Input data
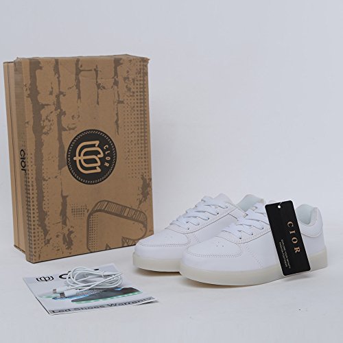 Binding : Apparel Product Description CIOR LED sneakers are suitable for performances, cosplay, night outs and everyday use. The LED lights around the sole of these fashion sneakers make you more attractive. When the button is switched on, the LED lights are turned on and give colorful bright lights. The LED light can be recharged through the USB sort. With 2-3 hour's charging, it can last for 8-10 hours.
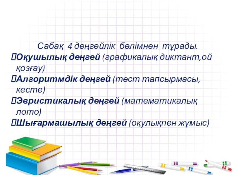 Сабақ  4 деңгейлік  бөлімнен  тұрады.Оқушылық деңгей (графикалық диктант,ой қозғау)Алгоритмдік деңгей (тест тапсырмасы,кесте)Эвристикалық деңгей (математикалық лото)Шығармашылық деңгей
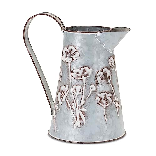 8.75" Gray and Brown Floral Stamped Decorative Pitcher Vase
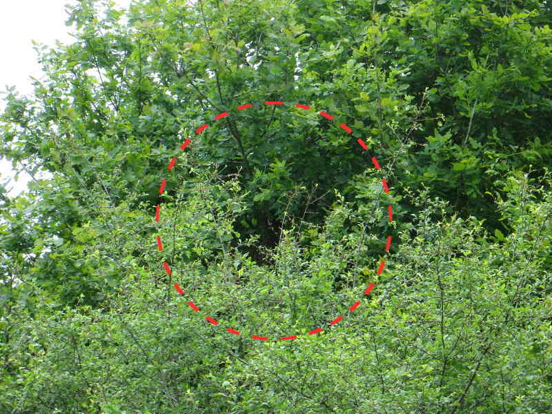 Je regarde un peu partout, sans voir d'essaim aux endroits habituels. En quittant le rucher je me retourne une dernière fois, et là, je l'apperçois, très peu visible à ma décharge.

What is being asked
Using the listing above, write out exactly the lines from the one that holds "Сабақ  4 деңгейлік  бөлімнен  тұрады.Оқушылық" through the last line, both included, and omit pictures.

Answer
 Сабақ  4 деңгейлік  бөлімнен  тұрады.Оқушылық деңгей (графикалық диктант,ой қозғау)Алгоритмдік деңгей (тест тапсырмасы,кесте)Эвристикалық деңгей (математикалық лото)Шығармашылық деңгей
 8.75" Gray and Brown Floral Stamped Decorative Pitcher Vase
 Je regarde un peu partout, sans voir d'essaim aux endroits habituels. En quittant le rucher je me retourne une dernière fois, et là, je l'apperçois, très peu visible à ma décharge.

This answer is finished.